Tuesday, May 5, 2009

May 5: St. Stephens - The New Yorker and the Senator, All Over Again

By Sylvia Gurinsky

Preservationists across South Florida still get shudders recalling the demolition, during the 1980s, of the New Yorker and Senator hotels in Miami Beach. The two Art Deco hotels were part of the clarion call for the preservation of that city's history.

The demolished 1912 chapel of St. Stephen's Episcopal Church should be Miami's clarion call.

Holes in city preservation law and blunders by church leaders - the final blunder being their ignorance of calls for a week's delay of demolition while preservationists tried to make their case -came to this.
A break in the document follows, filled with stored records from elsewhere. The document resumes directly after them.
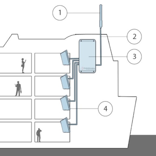 Quattro antenne interne a pannello sono collegate al ripetitore per barche e possono essere collocate in quattro posizioni distinte all’interno della nave. Un’antenna è collegata direttamente al ripetitore mentre le altre 3 antenne possono essere portate in altre zone della nave utilizzando i cavi SD240 in dotazione  (3 cavi da 15 m)
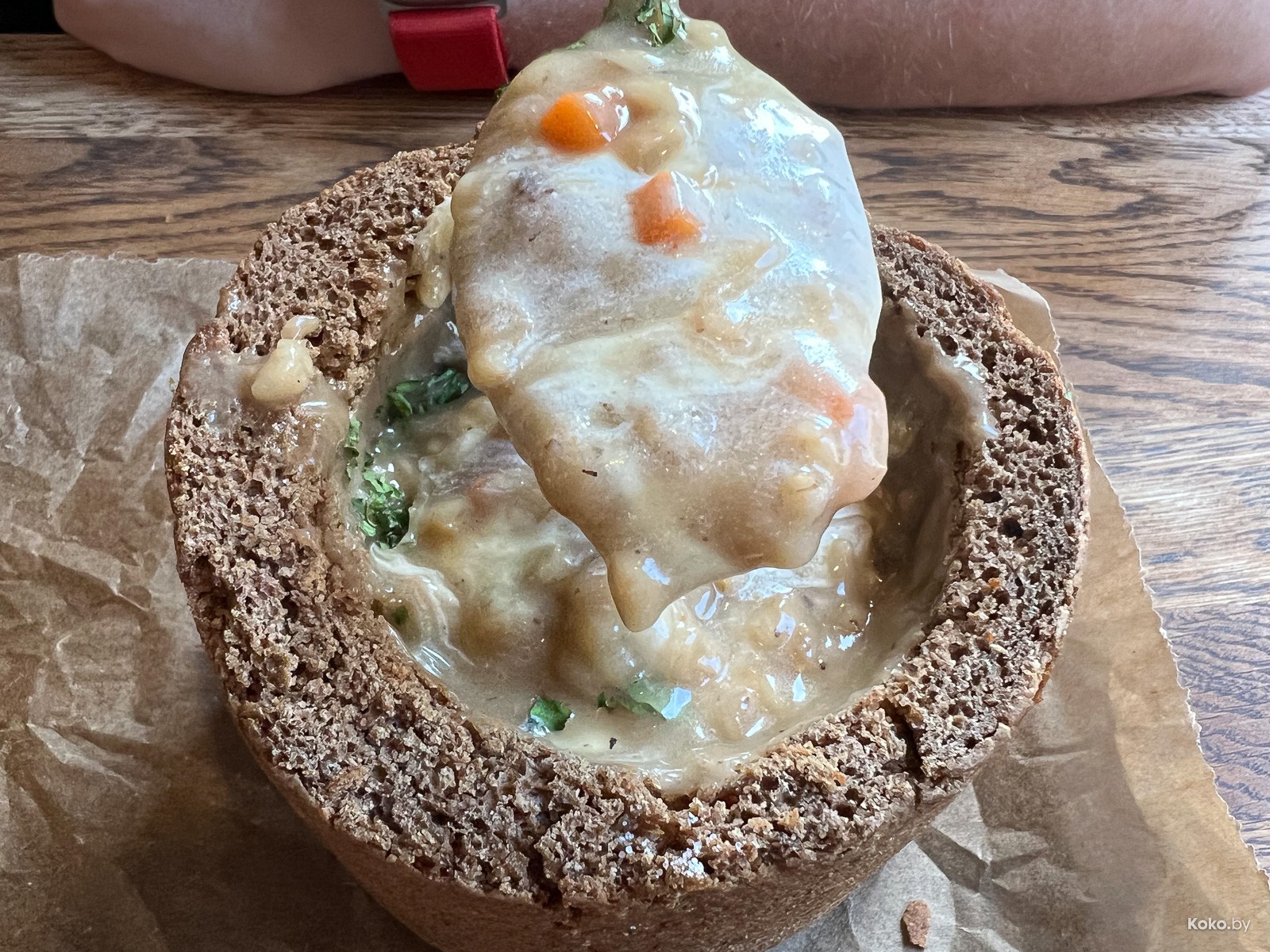 Вкус здешней сливочной похлёбки помню со времён «продай с молотка недвижимость» на Комсомольской в маленьком уютном офисе. В те славные, но далёкие времена, суп подавали в круглой буханке хлеба.
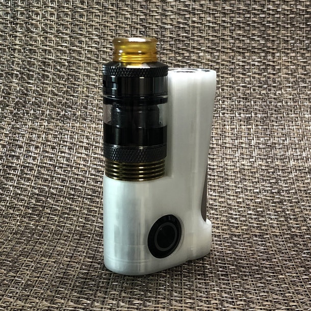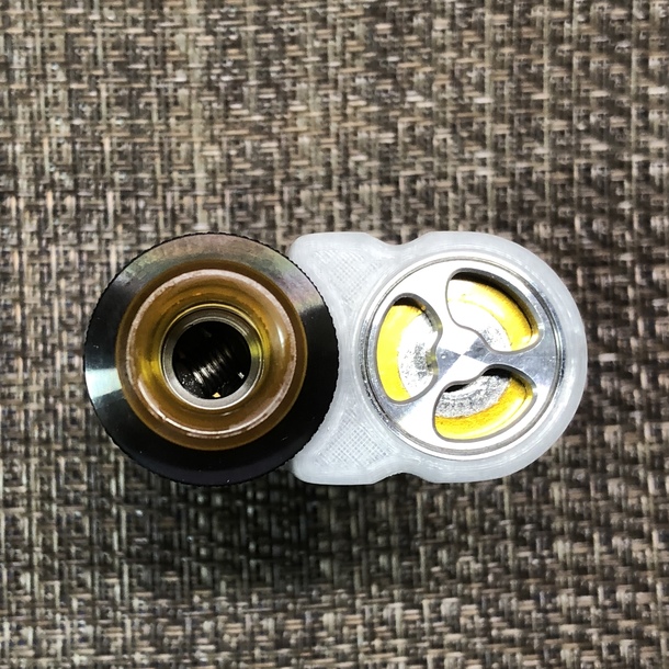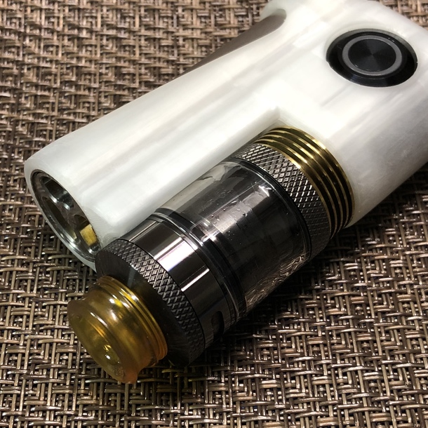 このアトマイザーはそのまま装着すると天辺から凹みますので、写真のように24mmのヒートシンク(高さ7.7mm)とあわせて載せてみました。どうでしょう?カッコよくないですか? このアトマイザーも公称25mm径なので、並のSTEALTHでは使う事ができませんが、本件では使用する事ができますので一家に一台のMODだと言う事がわかるかと思います(強引)。 故にこのMODはアトマとの親和性は世界最高峰という事なのです!(aumods調べ)
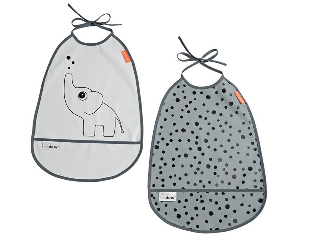 Dizajnový podbradník na zaväzovanie okolo krku. Podbradníky sú vodeodolné a vybavené vreckom, ktoré zachytí padajúce jedlo.
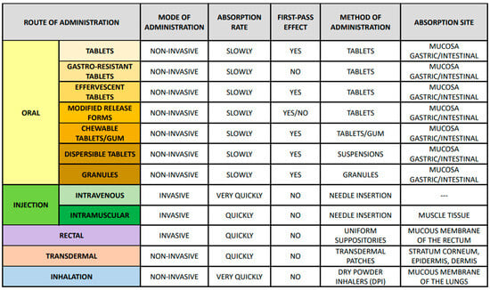 Drug forms such as tablets, capsules, granules, powders, suspensions, solutions, emulsions, inserts, ointments, inserts, aerosols, patches, and transdermal systems affect the drug’s dissolution rate and absorption [51]. Excipients, such as binders, solvents, and stabilizers, can affect a drug’s bioavailability through interactions with the drug or changes in its solubility [52]. Drug release techniques can control the active ingredient’s release rate, which affects its availability and action [48]. Acetylsalicylic acid, commonly known as aspirin, is available in various administration forms. It can be taken orally as tablets in enteral, enteric-coated, effervescent, and controlled-release forms. Additionally, there are also chewable versions, in tablet or gum form, and there is also the possibility of preparing it in a suspension or as granules. The drug can also be administered in uniform rectal suppositories, through injection, by absorption via the skin, or as an inhalation. The effectiveness and action of the drug depend on the selected mode of administration and the form of the drug used (Figure 3) [53,54].
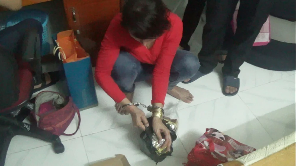 Người phụ nữ được xác định lấy ma túy từ đầu mối ở Hải Phòng sau đó bán lại thu lời hàng chục triệu đồng mỗi kg. Ảnh CA.
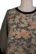 トレーナーの様に首回りと袖口に付けた黒のリブニットがアクセントになり和服生地が新鮮で個性的な仕上がりになりました。
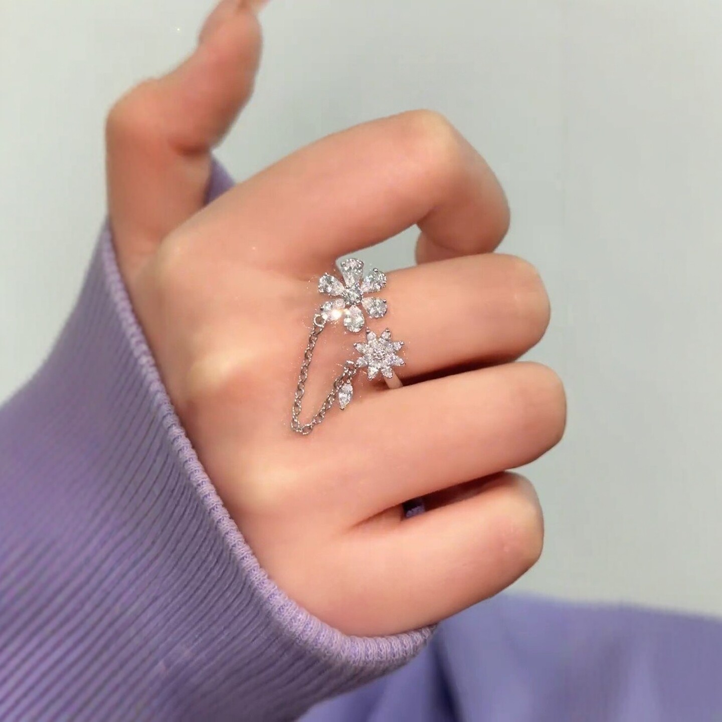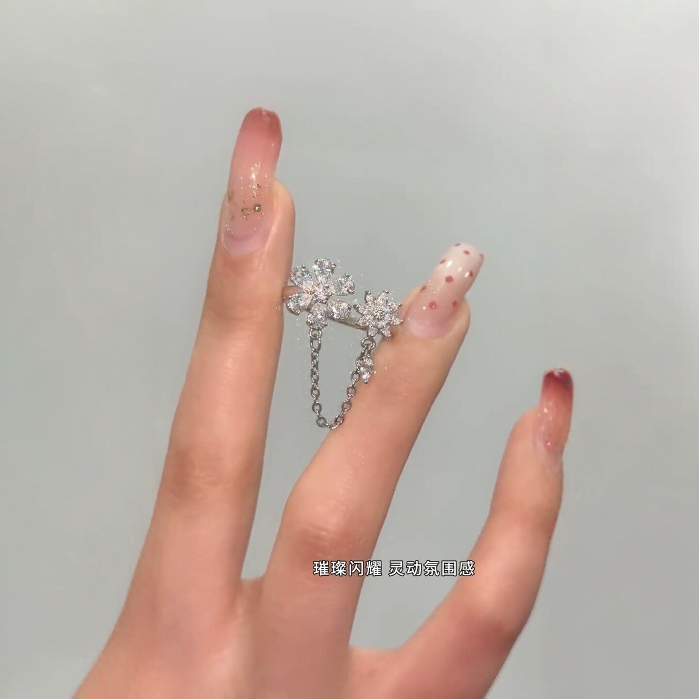 旭平甜美精致白色花朵戒指女轻奢小众高级设计感时尚流苏闪烁指环
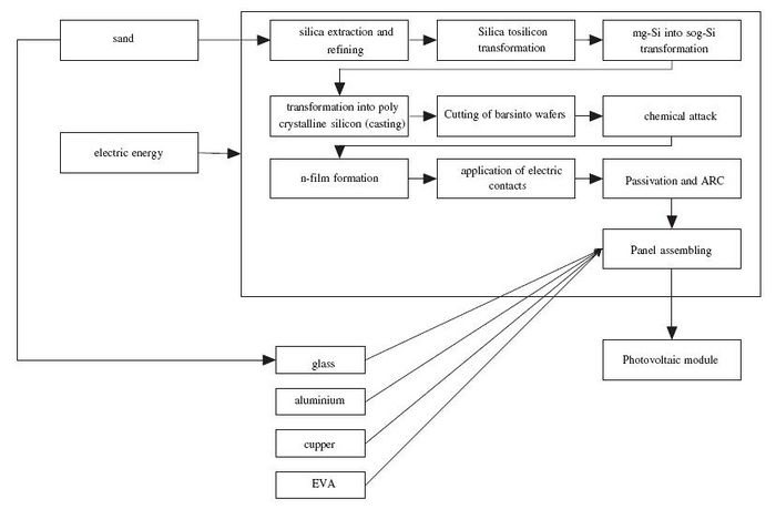 Figure 3: Le cycle de production et les ressources nécessaires d'un module en silicium[6].

Sunday's Miami Herald article by Andres Viglucci and Tania Valdemoro said Miami doesn't require a preservation officer or board to approve demolition contracts - unlike, for instance, Coral Gables. That was one reason this structure slipped through the cracks.

But this time, the city, which has actually been improving on historic preservation recently (witness attempts to preserve the Miami Modern hotels and the Bacardi complex along Biscayne Boulevard), made the smaller mistake. The church definitely gets the bulk of the blame.

The biggest blame is that administrators of the church, which is right next door to the historic Barnacle, seem to lack knowledge of preserved history in the Grove and an idea that the old building, if restored, could have served as a landmark site for them.

They could have taken a cue from the Barnacle, the home pioneer Ralph Munroe built in 1891, which is now a state park. They could also have taken a hint from Plymouth Congregational Church, just a few blocks away. That church's campus includes a one-room schoolhouse built in 1889 and moved to the church's campus in 1969.

The church may learn its lessons in answering to outraged members, Grove residents and history lovers. As for the city, its lesson should come with a change in the law: Make every project in the city come before a historic preservation officer or board. Yes, every project. As Miami gets older, more of its history is worth preserving. The city has let too much of it get away.